No pictures belong in the copy, but every line of the material below must be reproduced exactly.

== Segment start ==

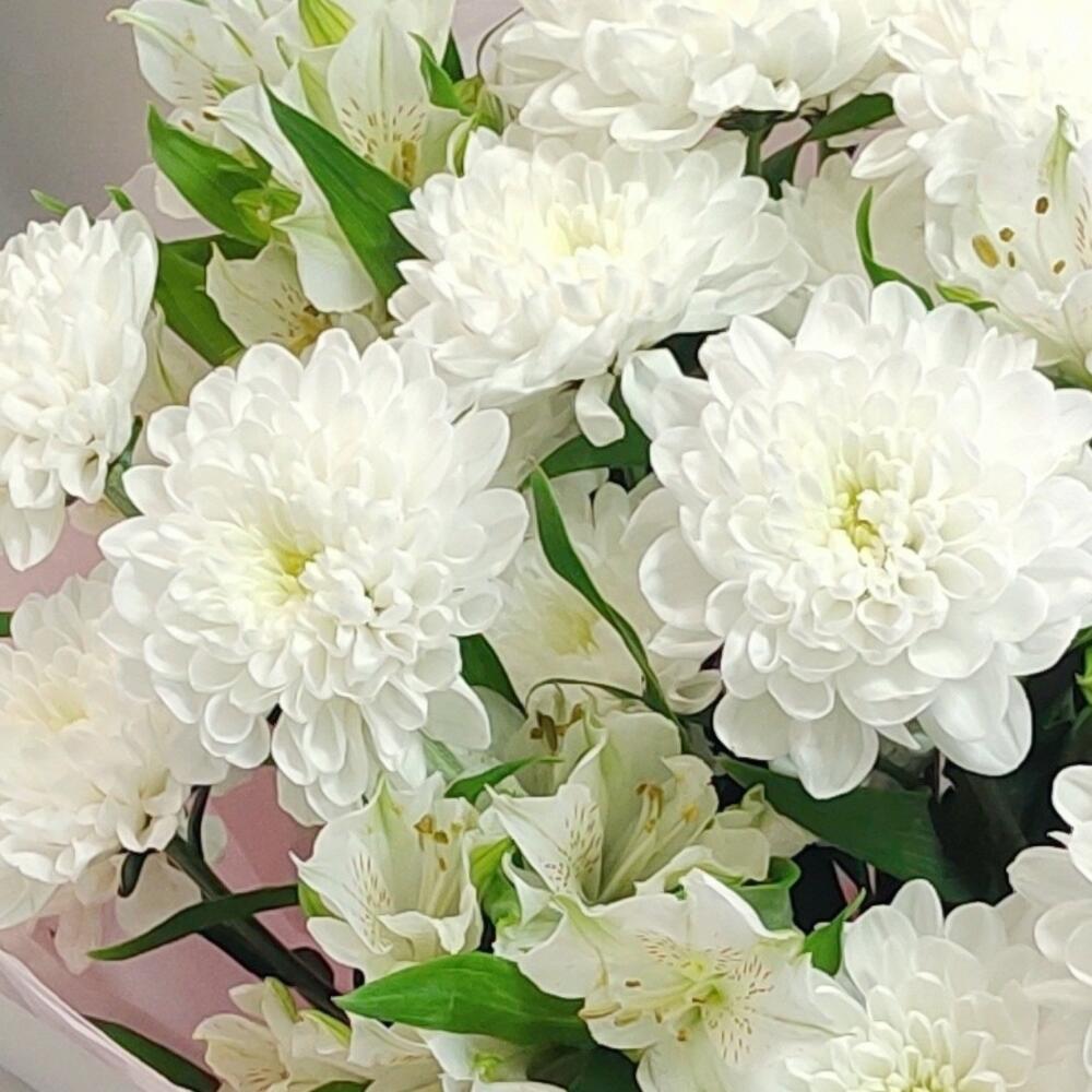 Хризантема и альстромерия это одно из самых стойких сочетаний цветов, а белый цвет символизирует чистоту, нежность и уважение. Такой букет станет отличным подарком для сестры, девушки, коллеги, начальнице, маме, бабушке и любому из ваших близких и любимых людей на любое торжество, будь то день рождения, юбилей, рождение ребёнка, свадьба, годовщина, профессиональный праздник, свидание или просто знак внимания. Чтобы букет радовал вас своей красотой и свежестью нужно соблюдать всего несколько лёгких правил: 🌱в чистую вазу налейте холодную воду (для хризантем достаточно трети вазы) 🌱обновите срез на стебле перед тем как поставить цветы в воду 🌱ежедневно меняйте воду в вазе 🌱не оставляйте букет в слишком жарком или холодном месте, а также избегайте прямых солнечных лучей и нагревательный приборов 😉 В подарок от магазина идёт маленький презент. Мы бережно доставим цветы и они точно принесут радость Вашим близким и родным людям!
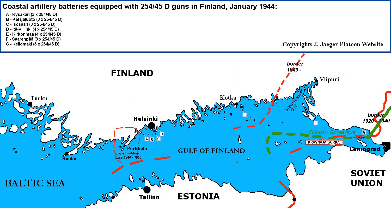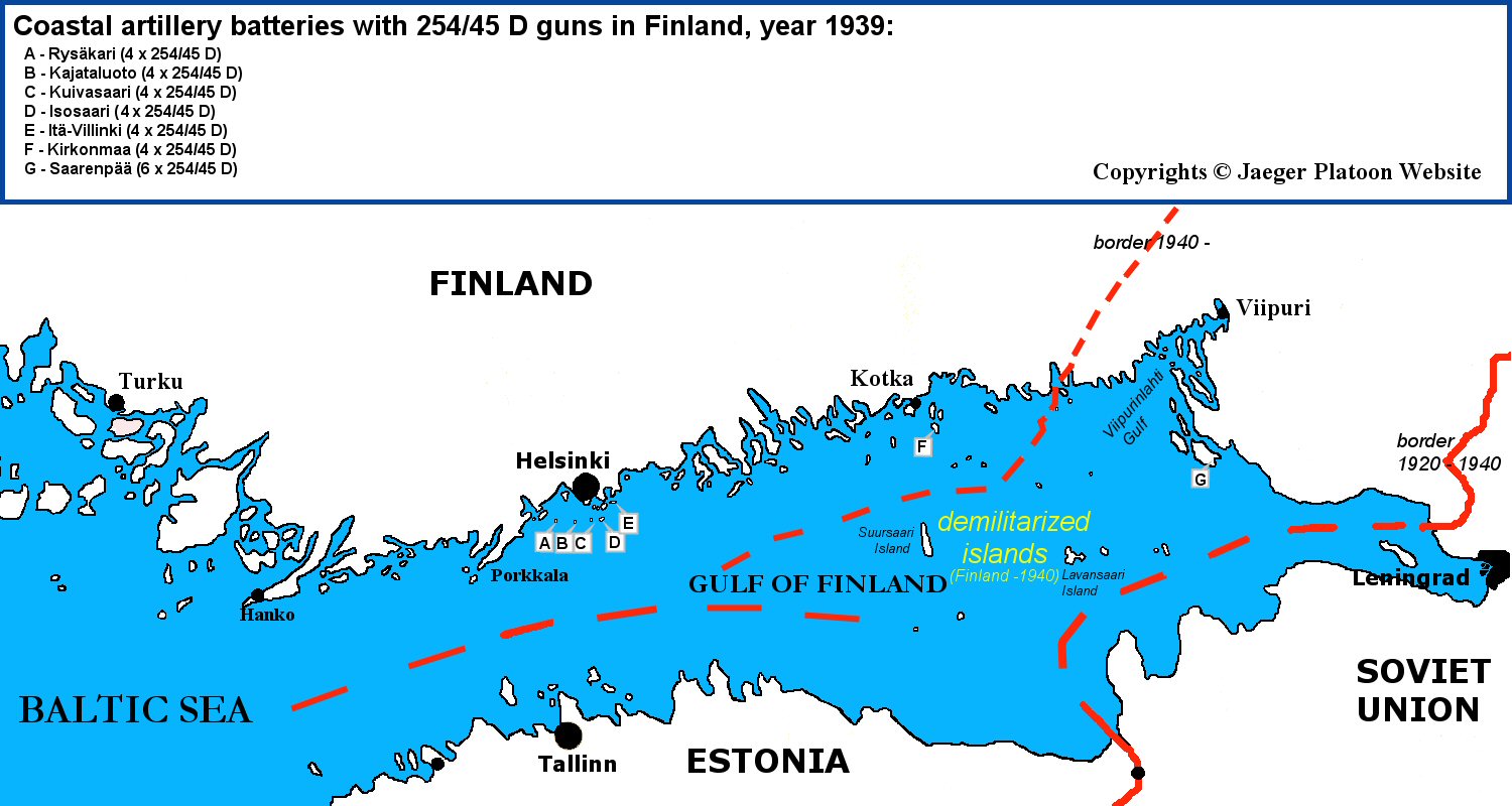 When studying for writing this page I made quite a surprising observation. The best known battles of Finnish coastal artillery seem to be the ones fought against largest warships of Soviet Baltic Sea Navy during Winter War. Yet this was not the most important contribution of coastal artillery to Finnish military capability during World War 2. In fact the numbers of shells that the coastal artillery fired towards ground targets outnumbered the number of shells fired against ships in truly large margin. Yet the important role that Finnish coastal artillery played in providing artillery support to land front seems to be at least internationally far less commonly known. Admitted much of the credit for providing this often vital artillery support goes to heavy coastal artillery batteries, also some of the super-heavy coastal artillery batteries played role of equal significance.
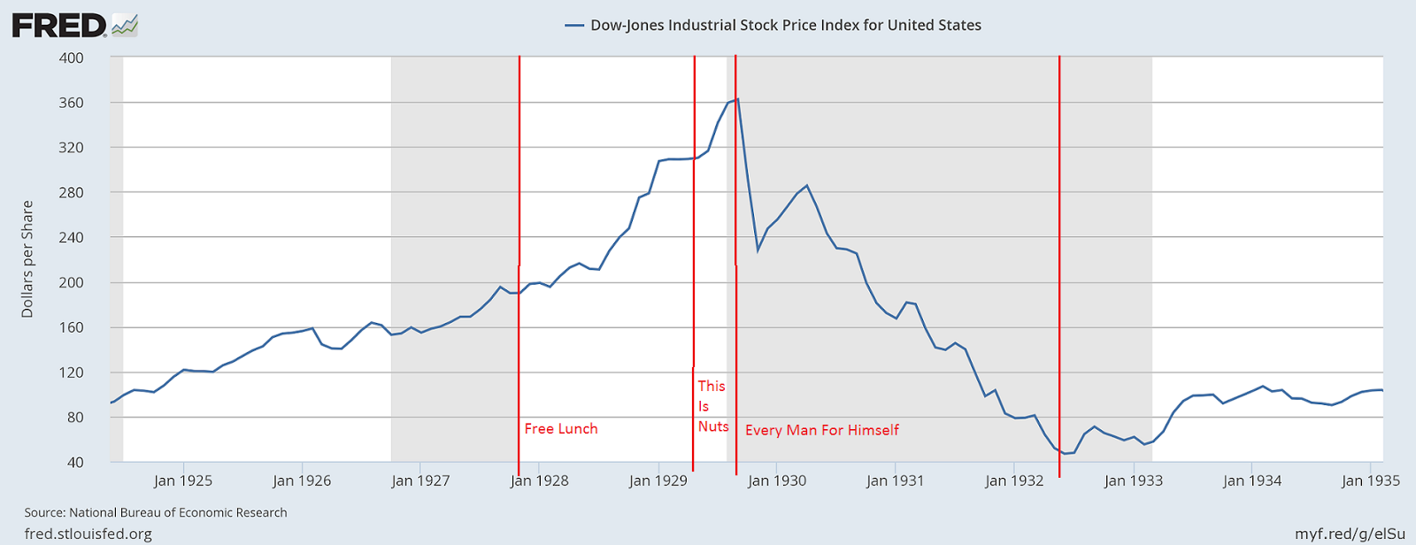 - The "Every man for himself" period (sorry, FT, I couldn't find a reference for this one). Prices crash as everyone runs for the exit. This can happen a number of times, separated by brief periods of stability when everyone congratulates themselves on a lucky escape. But they are wrong. The ship is sinking.
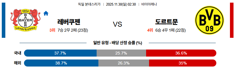 11월30일 레버쿠젠:도르트문트 분데스리가 분석 및 예측 스포츠중계:스포츠무료중계
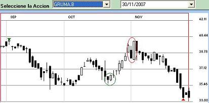 ![]() La gráfica de velas japonesas muestra una pauta envolvente alcista en Gruma.B (Primer círculo verde). Además, la vela negra involucrada es un martillo, lo que nos da mayor seguridad en el patrón. Como se puede ver en el círculo rojo, cuando el engulfing bullish se presenta en la parte alta de una alza, puede significar lo contrario: Se avecina un cambio de tendencia hacia la baja,

== Segment end ==

Solution to this task:
 Хризантема и альстромерия это одно из самых стойких сочетаний цветов, а белый цвет символизирует чистоту, нежность и уважение. Такой букет станет отличным подарком для сестры, девушки, коллеги, начальнице, маме, бабушке и любому из ваших близких и любимых людей на любое торжество, будь то день рождения, юбилей, рождение ребёнка, свадьба, годовщина, профессиональный праздник, свидание или просто знак внимания. Чтобы букет радовал вас своей красотой и свежестью нужно соблюдать всего несколько лёгких правил: 🌱в чистую вазу налейте холодную воду (для хризантем достаточно трети вазы) 🌱обновите срез на стебле перед тем как поставить цветы в воду 🌱ежедневно меняйте воду в вазе 🌱не оставляйте букет в слишком жарком или холодном месте, а также избегайте прямых солнечных лучей и нагревательный приборов 😉 В подарок от магазина идёт маленький презент. Мы бережно доставим цветы и они точно принесут радость Вашим близким и родным людям!
 When studying for writing this page I made quite a surprising observation. The best known battles of Finnish coastal artillery seem to be the ones fought against largest warships of Soviet Baltic Sea Navy during Winter War. Yet this was not the most important contribution of coastal artillery to Finnish military capability during World War 2. In fact the numbers of shells that the coastal artillery fired towards ground targets outnumbered the number of shells fired against ships in truly large margin. Yet the important role that Finnish coastal artillery played in providing artillery support to land front seems to be at least internationally far less commonly known. Admitted much of the credit for providing this often vital artillery support goes to heavy coastal artillery batteries, also some of the super-heavy coastal artillery batteries played role of equal significance.
 - The "Every man for himself" period (sorry, FT, I couldn't find a reference for this one). Prices crash as everyone runs for the exit. This can happen a number of times, separated by brief periods of stability when everyone congratulates themselves on a lucky escape. But they are wrong. The ship is sinking.
 11월30일 레버쿠젠:도르트문트 분데스리가 분석 및 예측 스포츠중계:스포츠무료중계
 ![]() La gráfica de velas japonesas muestra una pauta envolvente alcista en Gruma.B (Primer círculo verde). Además, la vela negra involucrada es un martillo, lo que nos da mayor seguridad en el patrón. Como se puede ver en el círculo rojo, cuando el engulfing bullish se presenta en la parte alta de una alza, puede significar lo contrario: Se avecina un cambio de tendencia hacia la baja,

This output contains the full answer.